In this exercise we will learn how to use Syuzhet and VADER for social media texts. We will use evaluation datasets of annotated text to compare Syuzhet and VADER against GoogleNLP in Youtube and Twitter datasets.

You can find the markdown files and data for this exercise in the corresponding Github folder.

Tasks:

  1. Install packages and load evaluation datasets with Google NLP scores

  2. Run VADER over evaluation texts

  3. Run syuzhet over evaluation texts

  4. Evaluate against sentiment annotations and compare with Google NLP

  5. Conclusions

1. Load evaluation datasets and Google NLP scores

1.1 Install and load Syuzhet and VADER

library(syuzhet)
library(vader)

1.3 Load datasets

Read the two .csv files into two data frames (twitterdf, youtubedf). Set the stringsAsFactors parameter to FALSE so the texts do not get converted into factors.

#Your code here

2. Run VADER over evaluation texts

2.1 Run VADER over the first tweet

Use the get_vader function over the text of the first tweet. Look at the text and the output of VADER. Does it look like a good classification?

#Your code here

2.2 Run VADER over each text

Run VADER over each text (for Twitter and Youtube) and save the compound result in a column of each data frame.

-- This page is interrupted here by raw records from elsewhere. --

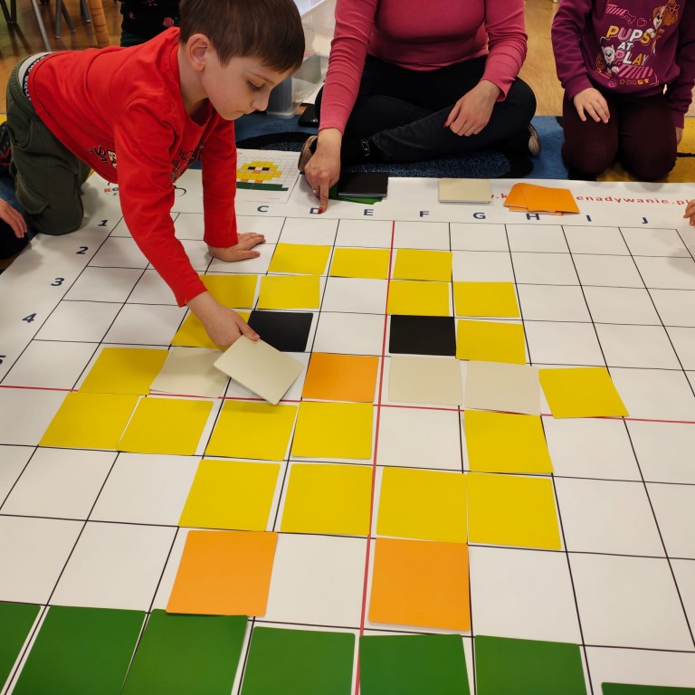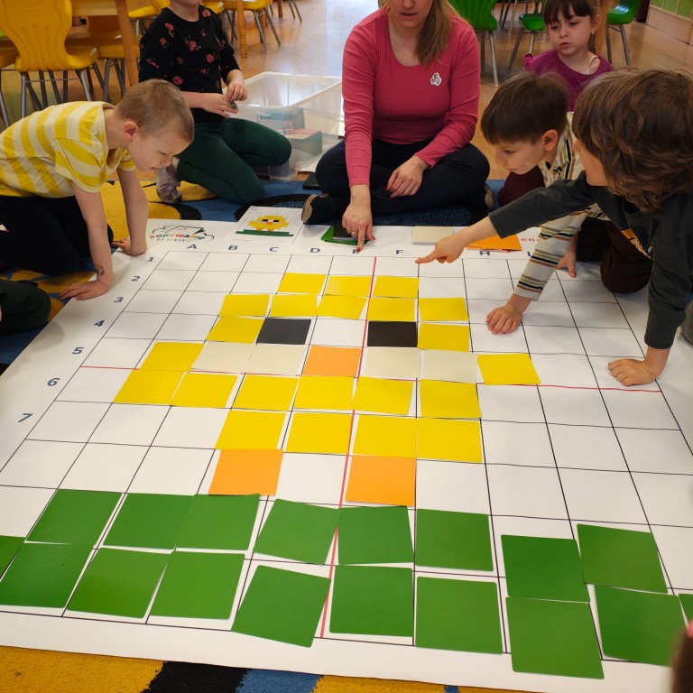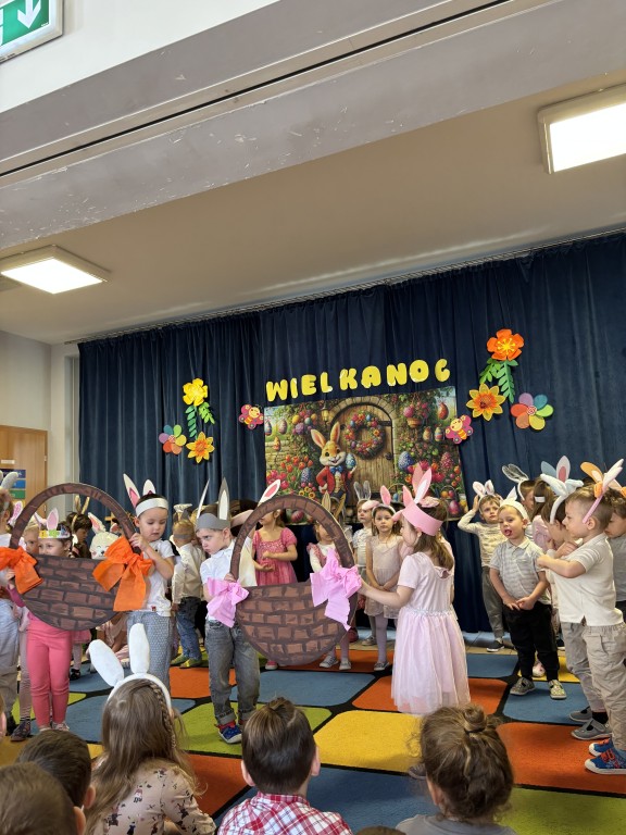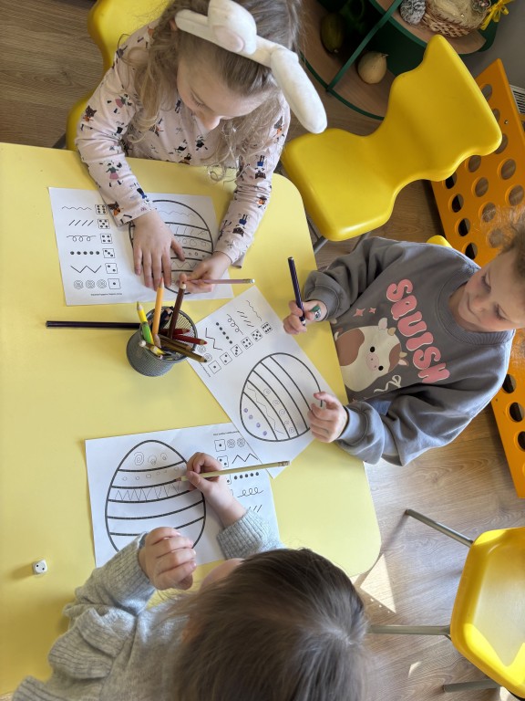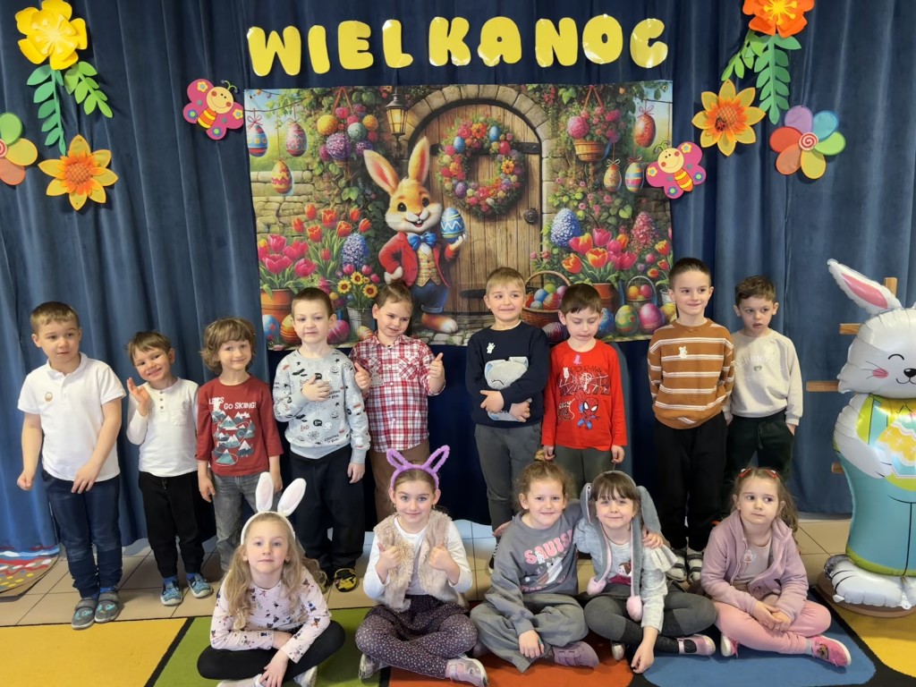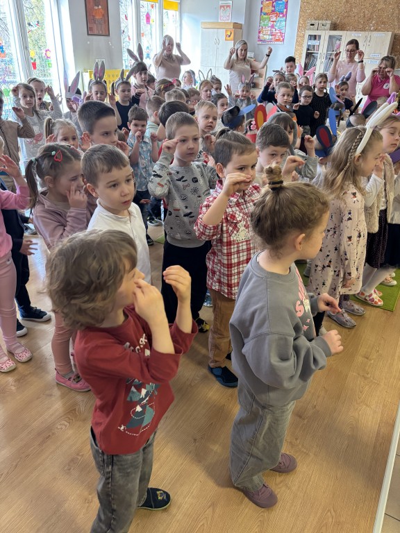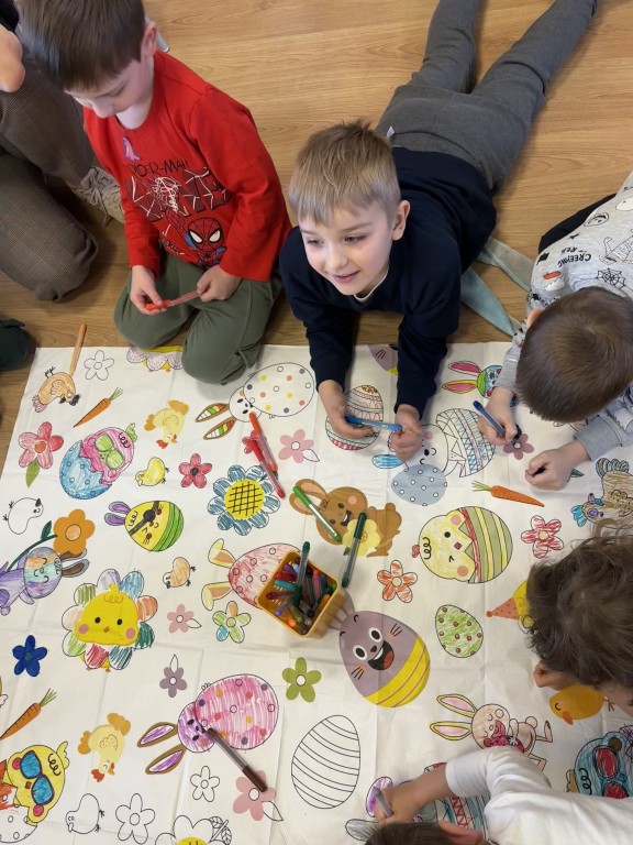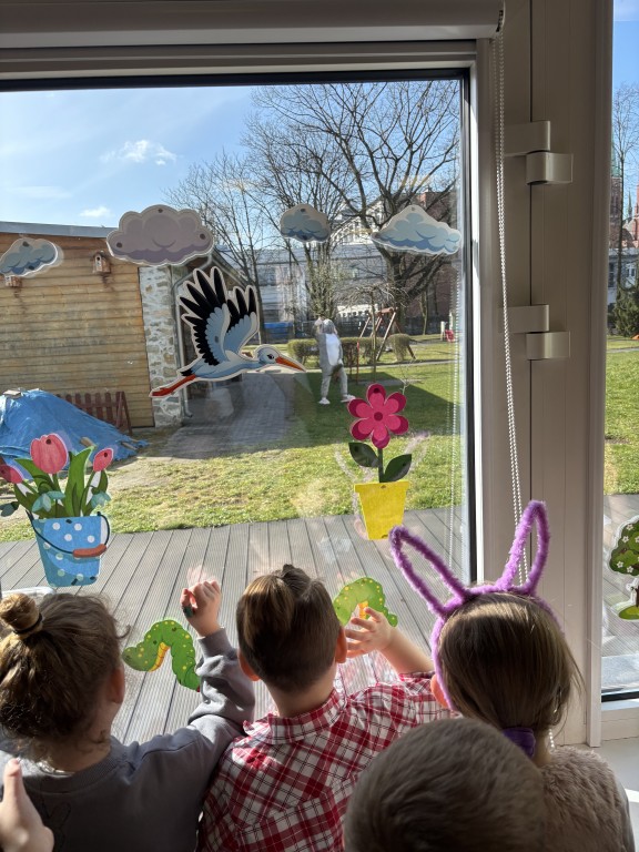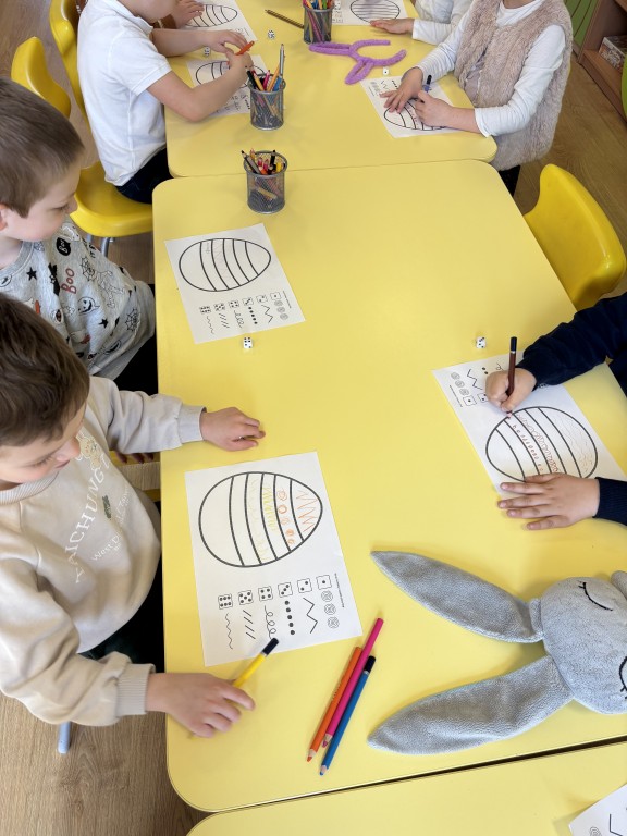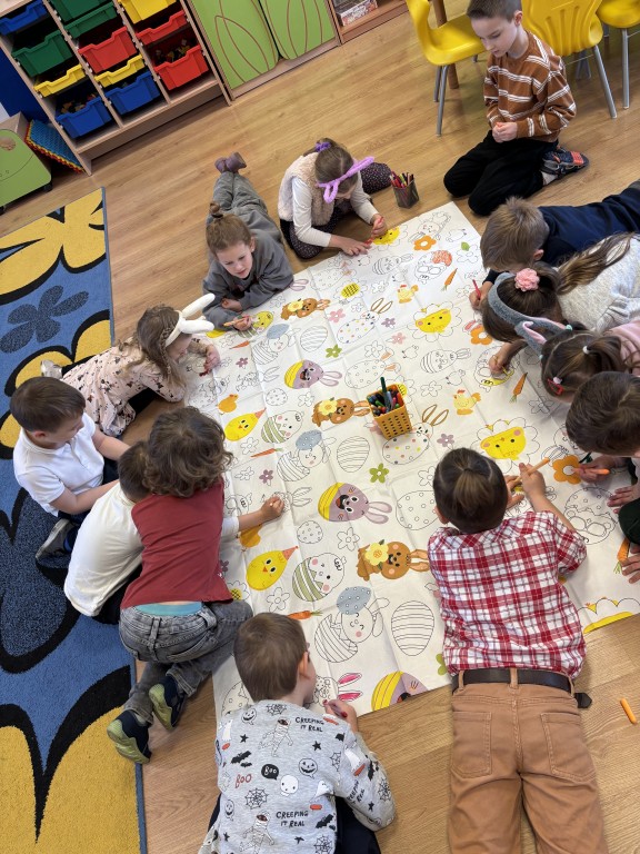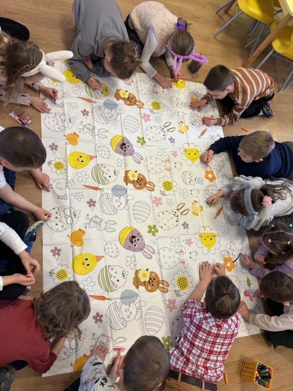 W środę zjedliśmy śniadanie wielkanocne i wspólnie kolorowaliśmy ogromny obrazek, który dekoruje naszą salę. Następnie aktywnie braliśmy udział w występie dzieci z grupy Pajacyków i Piesków. Po przedstawieniu jedząc drugie śniadanie zauważyliśmy w naszym ogrodzie gościa! Był to zając wielkanocny, który zostawił dla nas ogromne jajka niespodzianki w ogrodzie! Popołudniu podczas zabaw matematycznych dostaliśmy kostki i to one decydowały o wzorach na naszych papierowych pisankach!
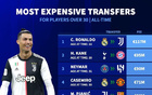 德转统计30岁以上球员转会费榜:C罗居首,凯恩内马尔分列二三
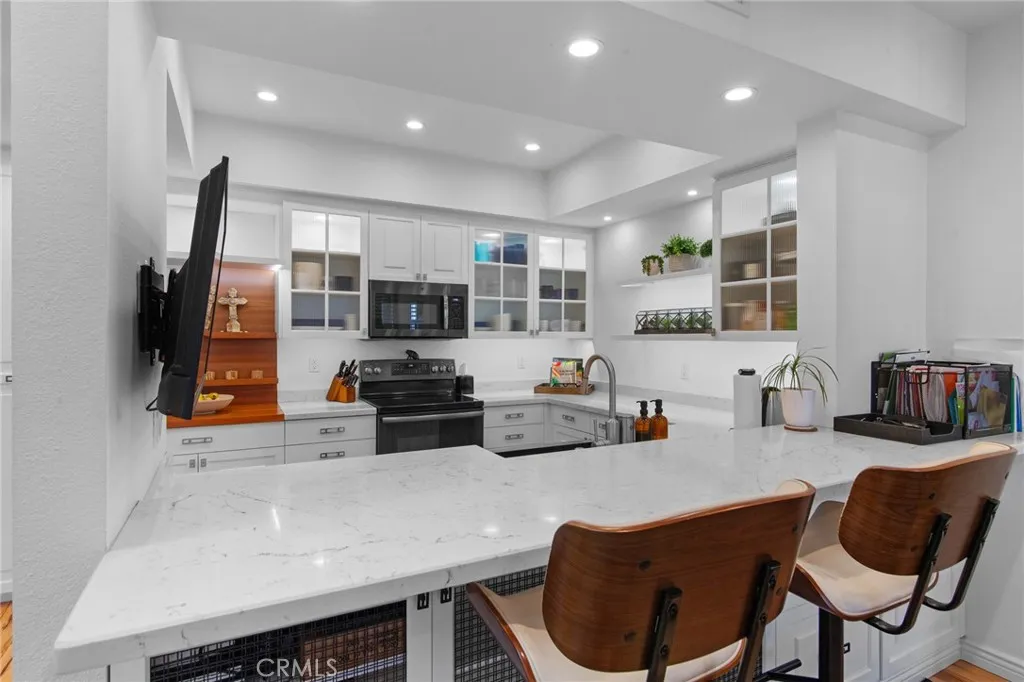 Located in the Heart of Encino, this Stunning Top-Floor Penthouse offers a Rare Combination of Chic Style & Convenience. This Unit is a Model-Perfect Residence that has been Extensively Upgraded to provide a Sophisticated, Turnkey Living Experience. The Home offers Soaring Cathedral Ceilings with an abundance of Natural Light Streaming through the Gallery-Style Dual Paned Windows. The Designer Kitchen is a Custom-Built Culinary Masterpiece featuring an Artisan-Designed Layout with Stone Countertops, Premium Stainless Steel Appliances, a Farmhouse Sink, Wine Refrigerator and Elegant Glass Cabinetry. The Unit has Gorgeous Wide-Plank Hardwood Floors that Flow throughout the unit. The Living Room includes a Wet Bar with a Wine Refrigerator, perfect for Entertaining, along with a Sliding Glass Door that opens to the Spacious Tiled Balcony making it an ideal spot for an Urban Garden or Sunset Dining. The Primary Suite offers a Serene Retreat with Vaulted Ceilings, Dual Sinks, Multi-Mirrored Closets and a Lavish Primary Bathroom with a Dedicated Dressing Area. The Unit also includes Central Heating/AC, Recessed Lighting, Plantation Shutters and tons of Natural Light. It also inlcudes 2 side-by-side Subterranean Parking Spaces with Additional Parking. Situated in the well-maintained "White Oak Encino" Complex, Residents enjoy a Resort-like Atmosphere with Lush Landscaping and Mature Trees. Amenities include a Sparkling Pool, Indoor Spa, Sauna & Recreation Room. HOA Perks: Dues cover Earthquake Insurance, Water, Trash and Common Areas Maintenance. The Complex is walkable to Ventura
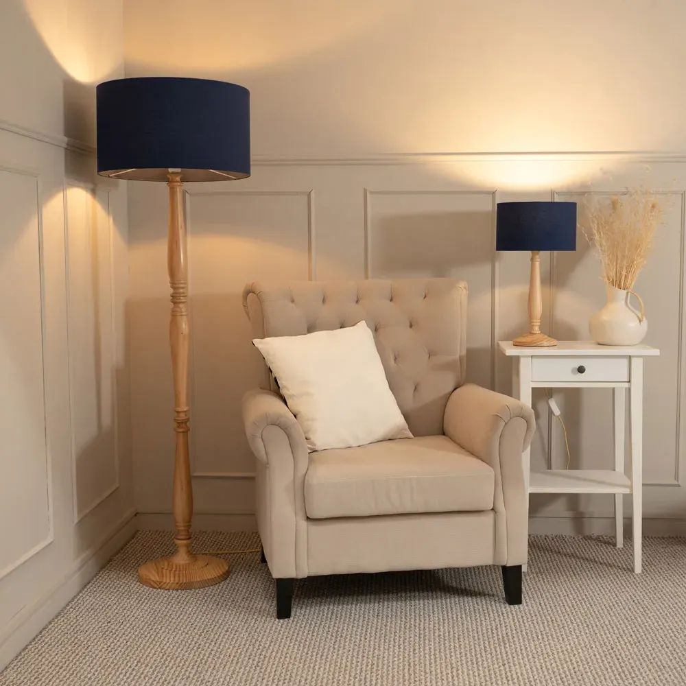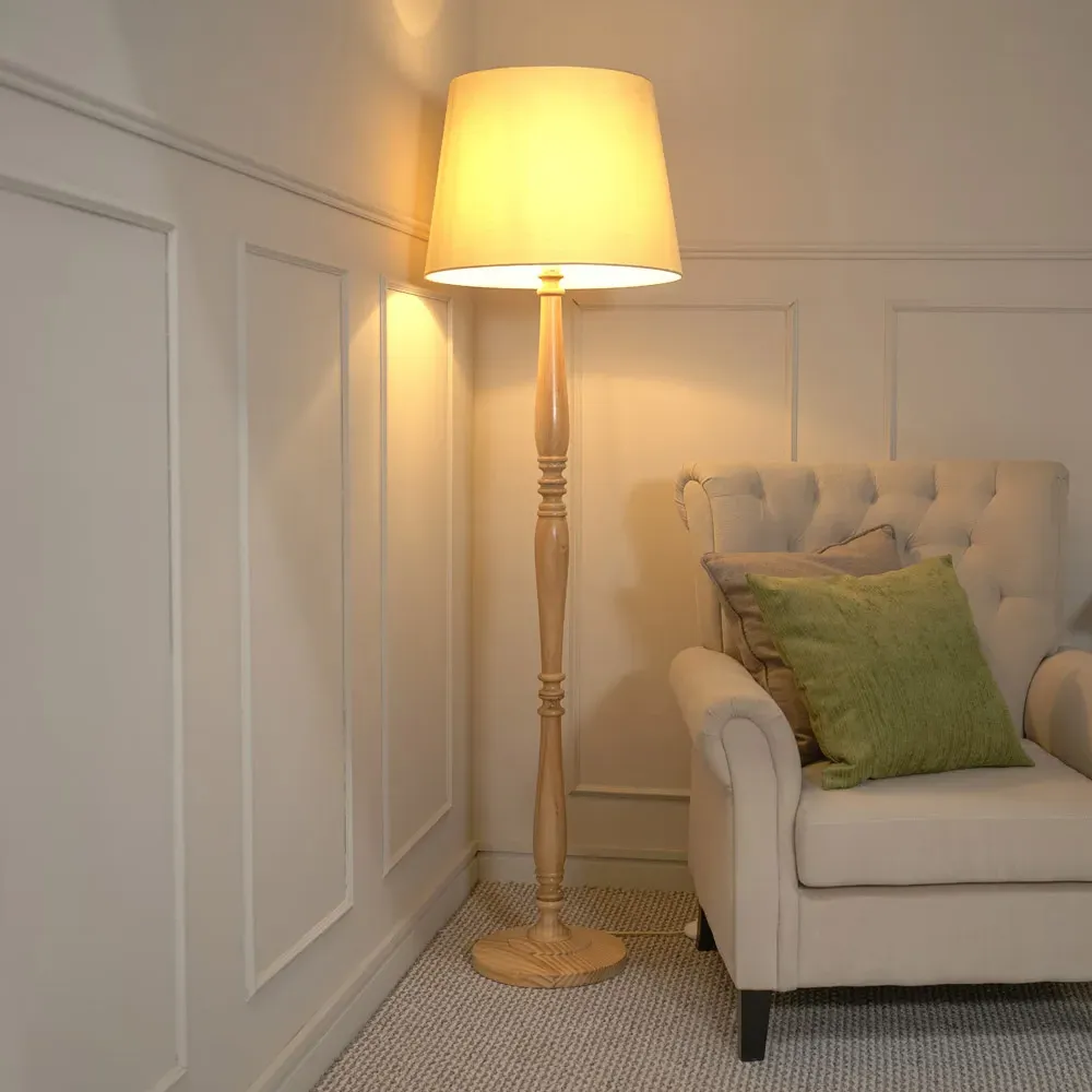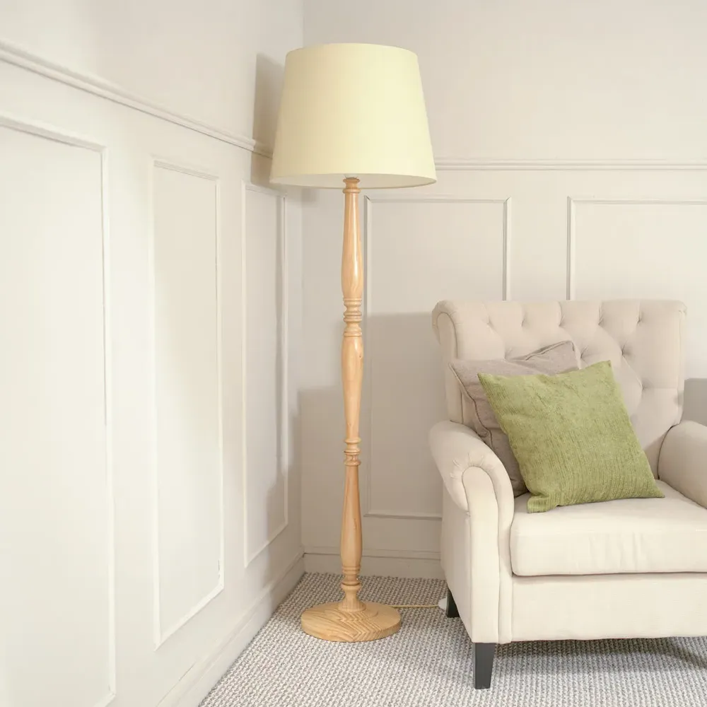 The Victoria candle stick table lamp in light wood is the perfect choice for any home with a traditional interior. Perfect to pair with a beige tapered shade for your perfect piece.

If this process is very slow in your computer, you can use the precomputed values of the VADER column of the provided file.

#Your code here

2.3 VADER as a classifier

Convert the compound score into classes by using -0.5 and 0.5 as thresholds. In the following, create a new column with the VADER class for each dataset that is “Negative” if the score is below -0.5, “Positive” if it is above 0.5, and “Neutral” otherwise.

#Your code here

3. Run syuzhet over evaluation texts

3.1 Syuzhet test

Run the get_sentiment function of syuzhet over the first 5 examples of tweets. Print the text, the result of syuzhet, and the annotations of each text.

#Your code here

3.2 Apply syuzhet to all texts

For each text in the Twitter and YouTube datasets, run the get_sentiment function of syuzhet. You can use get_sentiment for the whole column of texts to get a new column of sentiment values without coding a loop. It’s very fast!

#Your code here

3.3 Syuzhet as a classifier

As with VADER, compute classes from Syuzhet using -0.5 and 0.5 as thresholds.

#Your code here

4. Evaluate against sentiment annotations and compare with Google NLP

4.1 Convert GoogleNLP scores to classes

As with VADER and Syuzhet, compute classes from GoogleNLP using -0.3 and 0.3 as thresholds.

#Your code here

4.2 Evaluate on Twitter

First, let’s calculate the accuracy for all three classifiers on twitter

#Your code here

Then we can study the precision and recall of the positive and negative sentiment classes. Let’s start with the precision of the positive class for Twitter:

#Your code here

and the recall of the positive class for Twitter:

#Your code here

Let’s compare to the negative class by computing also precision and recall:

#Your code here

4.3 Evaluate on Youtube

First, let’s calculate the accuracy for all three classifiers on youtube

#Your code here

Then we can study the precision and recall of the positive and negative sentiment classes. Let’s start with the precision of the positive class for Youtube:

#Your code here

and the recall of the positive class for Youtube:

#Your code here

Let’s compare to the negative class by computing also precision and recall:

#Your code here

5. Conclusions

  1. What was the best performing method for Youtube? Did that fit your expectations?

  2. What was the best performing method for Twitter? Did that fit your expectations?

  3. Do you observe any differences between prediction of positive and negative sentiment? What is the role of the imbalance between postive and negative classes in the calculation of accuracy?